Chang’s response to these attacks has been fairly simple. First, Chang has complained that party comrades should not try to label each other. Second, he has denied that he is extreme. He hasn’t actually denied any of Chu’s substantive charges; he has simply denied that those make him extreme. (Is seeking a peaceful relationship extreme?) Third, he has elaborated on what he wants to do. Here, I think he might be playing into Chu’s hands, because some of his plans are a bit extreme. For example, he talked about his plans to visit China and come to an agreement on how to move cross-straits relations forward. His plans might be too aggressive for the mainstream of the KMT. (In the first debate, he admonished KMT voters not to worry too much about public opinion since Sun Yat-sen would never have started his revolution if he had worried about public opinion. Chang isn’t overly worried about whether the general electorate supports him; he seems to assume that they eventually will come around or maybe he just doesn’t care.)  It is worth taking a bit of time to explore Chang’s remarks on the 92 Consensus.

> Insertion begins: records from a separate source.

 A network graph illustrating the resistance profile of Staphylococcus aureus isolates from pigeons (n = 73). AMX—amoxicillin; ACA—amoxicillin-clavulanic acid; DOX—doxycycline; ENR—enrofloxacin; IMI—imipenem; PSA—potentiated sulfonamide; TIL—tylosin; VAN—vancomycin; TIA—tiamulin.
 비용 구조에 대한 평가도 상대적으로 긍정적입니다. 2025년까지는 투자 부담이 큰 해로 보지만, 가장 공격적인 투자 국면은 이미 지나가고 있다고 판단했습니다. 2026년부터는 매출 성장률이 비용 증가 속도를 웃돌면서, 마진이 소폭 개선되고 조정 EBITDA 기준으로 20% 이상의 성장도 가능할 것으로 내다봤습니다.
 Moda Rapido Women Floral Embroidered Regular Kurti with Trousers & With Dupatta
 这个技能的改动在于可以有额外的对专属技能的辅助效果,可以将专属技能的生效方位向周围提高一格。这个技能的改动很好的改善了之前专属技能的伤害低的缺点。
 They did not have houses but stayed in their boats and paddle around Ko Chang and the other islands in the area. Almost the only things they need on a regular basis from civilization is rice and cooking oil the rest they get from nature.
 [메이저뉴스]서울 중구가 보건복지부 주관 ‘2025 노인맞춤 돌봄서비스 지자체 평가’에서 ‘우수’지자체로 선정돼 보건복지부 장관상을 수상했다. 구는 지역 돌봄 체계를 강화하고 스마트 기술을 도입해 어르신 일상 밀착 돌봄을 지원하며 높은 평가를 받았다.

In the CiTV debate, Chang talked about the 92C at length, saying that Chu doesn’t understand it at all. Chang explained that there was consensus on two things and no consensus on a third item. Both sides agreed that (1) there is One China and that (2) they would seek unification. However, there was no consensus over the meaning of One China. Taipei said that each side had its own interpretation – we will call it the ROC and you will call it the PRC. However, Beijing never accepted this. The two sides would discuss the meaning of One China in the future, and in the meantime they could talk about practical matters. The 92C was not and could not be the basis for a meaningful peace; it was merely a temporary truce. Real peace will require political negotiations, and he is willing to engage in those talks.

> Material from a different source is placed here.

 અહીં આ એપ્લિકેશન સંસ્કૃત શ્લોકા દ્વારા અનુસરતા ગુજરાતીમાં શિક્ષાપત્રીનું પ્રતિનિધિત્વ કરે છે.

This is a very different interpretation of the 92C than Ma Ying-jeou has been selling. In Ma’s discourse, the 92C has always been One China, each side with its own interpretation. Sure, the PRC never acknowledged the ROC – their interpretation is that China means the PRC. However, the two sides have a tacit understanding that they agree to disagree, and both sides think that this is an acceptable ambiguity upon which they can build a meaningful and mutually beneficial relationship. In the debates, several KMT party chair candidates have argued that the 92C is still appropriate, and the public has been led astray by underhanded DPP attacks painting the 92C as equivalent to One China or One China, Two Systems. But here, Chang Ya-chung is arguing exactly that. The 92C has never been a consensus on anything more than One China and pursuit of unification. It has never meant that the PRC tacitly accepts the existence of the ROC. In Chang’s discourse, the 92C only brought about a temporary truce, but the two sides have remained fundamentally at conflict – even during the Ma era. If you want to build harmony across the straits, the 92C is inadequate.

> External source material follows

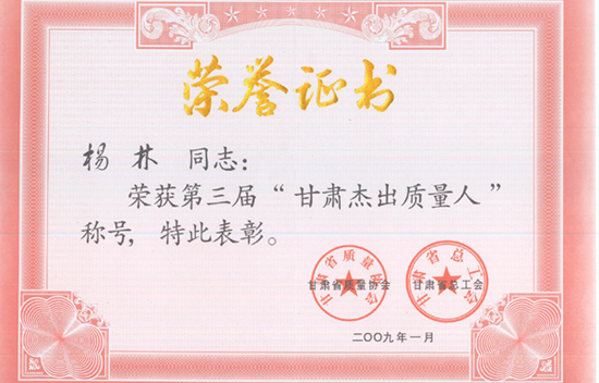 在二零零九年三月十三日于蘭州召開的甘肅省質量協(xié)會六屆一次會員代表大會暨質量工作表彰大會上,蘭州長城電工股份有限公司董事長,原天水二一三電器有限公司董事長楊林同志被甘肅省質量協(xié)會和甘肅省總工會授予 “甘肅省杰出質量人”光榮稱號,并頒發(fā)了榮譽證書和獎杯。

What is going on here? Why did Chu choose to start this war? The obvious answer is that Chu got scared that he might lose. There have been several internet polls showing Chang doing very well. I have assumed that these easily manipulable polls were manipulated. Most internet polls are entirely self-selected. If you want to vote, you can. Heck, you can vote multiple times if you like. An internet army can easily make a weak candidate look strong. Let’s not forget that Chang is almost certainly the PRC’s favorite candidate, and the PRC just happens to have an internet army at its disposal. I don’t know if that’s what happened, but it wouldn’t surprise me. At any rate, the UDN online poll had nearly half a million votes, and I can’t imagine that many individual netizens were motivated to express their opinions on a random, meaningless internet poll hidden deep inside the UDN website. I had mostly dismissed these polls, but it’s possible that they either reflected Chang’s popularity or helped to create it. The first challenge in a race like this is to be taken seriously. Cho Bo-yuan 卓伯源, for example, has never been taken seriously, and he will end up as a footnote. If he actually had people who wanted to support him, they have almost all decided to vote for someone else rather than waste a vote on Cho. Perhaps the online polls made people think that Chang was in the race and that voting for him wouldn’t be throwing their vote away. It is also possible that Chang is getting more support simply because he is perceived as being in the race. Chu is a well-known commodity, and he doesn’t have a strong record of winning. Chang is something new, and he speaks confidently, forcefully, and unapologetically. Maybe if you are a KMT supporter tired of losing, it isn’t a bad idea to try out the new, energetic guy.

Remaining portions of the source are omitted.